Smiling on the Judges

May 29, 2009 on 1:43 pm by Michael Grey | In Humour, Pipe Bands, Solo Piping, Stories, Tips | Comments Off on Smiling on the Judges

I am not a big fan of judging. I mean by that, that I don’t generally get a lot of heel-clicking, raise-your-glass glee out of judging, assessing, pipe band (or solo piping) competitions. Done well, judging, or “adjudicating”, takes great concentration – in fact, its damned hard work. Hats off to those who have for years undertaken the judging challenge with aplomb and undisputable fairness.

Adjudicating: Listening, assessing and delivering a fair assessment of performance; all with supporting words that don’t offend, yet justify, and still illuminate – well, I say, that’s seriously hard work – hard work needed to be done well. And how many want to sign up for that on a day off work?

Stepping up to the role of pipe band/piping/drumming judge is a service.
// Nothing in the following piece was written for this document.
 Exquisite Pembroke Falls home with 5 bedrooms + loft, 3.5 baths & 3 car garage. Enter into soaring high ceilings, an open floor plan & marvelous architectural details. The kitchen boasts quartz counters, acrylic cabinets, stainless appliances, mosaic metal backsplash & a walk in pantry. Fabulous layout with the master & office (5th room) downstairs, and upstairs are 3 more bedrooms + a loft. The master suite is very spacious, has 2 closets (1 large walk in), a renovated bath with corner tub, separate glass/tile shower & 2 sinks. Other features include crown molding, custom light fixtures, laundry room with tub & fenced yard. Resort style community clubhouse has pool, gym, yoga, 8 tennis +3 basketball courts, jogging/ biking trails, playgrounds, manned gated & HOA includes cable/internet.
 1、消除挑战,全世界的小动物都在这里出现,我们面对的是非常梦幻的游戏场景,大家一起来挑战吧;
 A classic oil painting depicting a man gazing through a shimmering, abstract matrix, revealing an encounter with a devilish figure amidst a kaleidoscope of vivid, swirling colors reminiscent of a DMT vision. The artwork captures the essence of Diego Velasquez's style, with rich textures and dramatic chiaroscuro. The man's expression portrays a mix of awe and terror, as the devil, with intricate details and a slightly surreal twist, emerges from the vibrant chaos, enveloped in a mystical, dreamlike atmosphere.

In fact, it’s an obligation. For people with piping and drumming credentials – meaning proven in-the-trenches-experience – it is a service. The competition system is currently at the core of pipe band and solo piping excellence and depends on the good service of engaged – and qualified – adjudicators.

But, man, it ain’t easy.

I was hard at it (doing my best) judging a contest in Kingston, Ontario, Canada, last Saturday and, following the contest, someone came up to me and said, “I could guess your result, in the grade X, I saw you smile when ______ band played “Fleshmarket Close” [a tune I made]“).

Holy #%$@. I smiled, apparently! Arrest me. That comment reminded me or, “sowed home”, as the late, great, Scott MacAulay might’ve said, that no matter what action, decision or, it seems, facial expression, a judge makes, an outside assessment of perceived ulterior motivation will almost always be made. This truth makes the role even less attractive.
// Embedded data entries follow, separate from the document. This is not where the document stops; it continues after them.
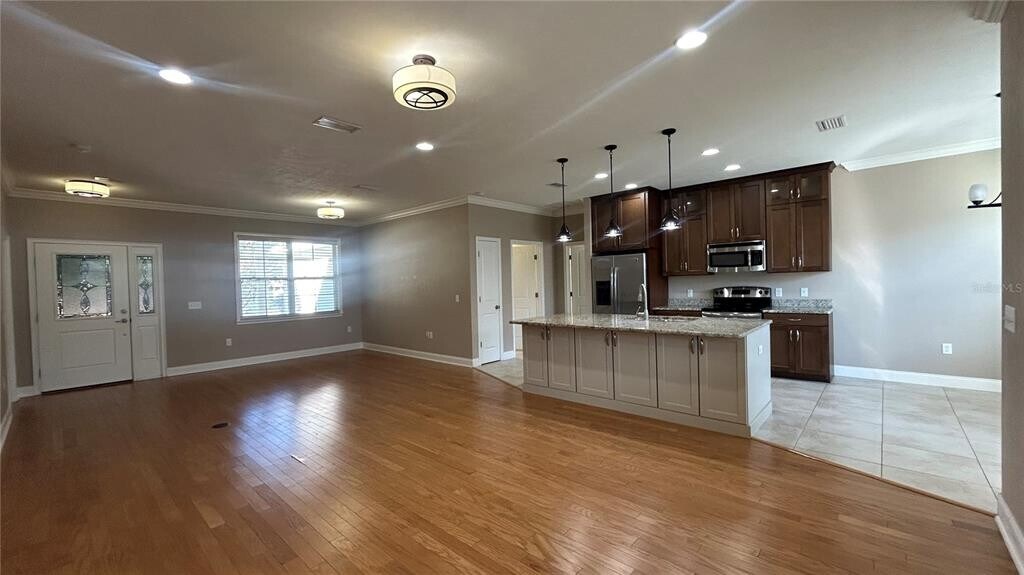 Oak Ridge 4/2 with Garage in High Springs The home features an open-concept,split-bedroom floor plan with approximately 1,731 sq. ft. of living space,9-foot ceilings,and crown molding in the main living areas. Enjoy cooking in a kitchen equipped with granite countertops,solid wood cabinets with soft-close drawers,a large island with bar seating,and stainless steel appliances (including range,disposal,and microwave). The house is built with energy-efficient features,including a tankless water heater,insulated windows,and central heating and cooling,to help save on utility costs. A spacious primary bedroom on the first level features an en-suite bathroom with a large tub,tiled shower,and dual vanity sinks. The property boasts a fully fenced backyard,a front porch,and a back patio,perfect for relaxing or entertaining. The neighborhood features sidewalks for leisurely strolls. Pick your own fruit at home from the many established fruit trees. The Oak Ridge community is ideally located just off Highway US-441,providing an easy commute to Gainesville,Lake City,San Felasco Tech City,Progress Park,and North Florida Regional. It is only minutes from I-75,a new Publix supermarket,and the area's popular natural springs and parks. A two-car attached garage provides ample parking and storage space. This beautiful,move-in-ready home offers a blend of style,comfort,and convenience. Don't miss this opportunity! MLS# GC535941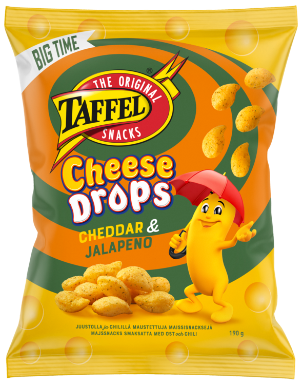 Taffel Cheese Drops Cheddar & Jalapeno – sataisipa näitä! Tämä pisaranmuotoinen juustonaksu yhdistää vastustamattoman cheddar-juuston täyteläisyyden ja jalapenon lempeän lämmön.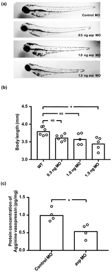 Effects of downregulating Avp by morpholino injection in zebrafish embryos. (a) Comparison of morphology and body length at 3 dpf for uninjected wild-type larvae (WT) and those injected with various doses of Avp morpholino (MO) at 1–2-cell stage. (b) Histogram shows body length with individual measurements indicated by open circles. (c) Relative protein level of AVP at 3 dpf was assessed by enzyme-linked immunosorbent assay (ELISA) in larvae injected with 1 ng of control morpholino or Avp morpholino (AVP MO). Asterisk indicates a significant difference from uninjected wild type (b) or control (c), according to one-way ANOVA, Tukey’s pair-wise comparison, and Student’s t-test, p < 0.05. N.S. indicates not significant.

But let’s remember one of the core realities of our competitive game: judges are always perceived to have bias – even if that bias is for a style or particular performance approach.
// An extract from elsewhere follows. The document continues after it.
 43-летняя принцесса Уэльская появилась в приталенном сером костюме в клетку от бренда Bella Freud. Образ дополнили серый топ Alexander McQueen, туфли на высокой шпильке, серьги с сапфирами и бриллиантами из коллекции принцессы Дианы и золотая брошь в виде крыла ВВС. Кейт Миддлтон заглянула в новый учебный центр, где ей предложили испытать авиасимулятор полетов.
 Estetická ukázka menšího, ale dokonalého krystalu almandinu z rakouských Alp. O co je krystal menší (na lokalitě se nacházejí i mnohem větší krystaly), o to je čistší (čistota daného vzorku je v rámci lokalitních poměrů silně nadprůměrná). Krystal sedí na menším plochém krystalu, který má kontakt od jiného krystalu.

I suggest that it’s that “good” bias for which we hire judges. We want them to draw on their proven experience, their understanding of what makes up a performance of merit, their ability to know the difference between good and excellent musical interpretation. We look for that and we look for them to deliver an even-handed assessment.

Simply put: We hire judges for their musical perspective and their considered musical judgement. We don’t hire judges for their poker faces.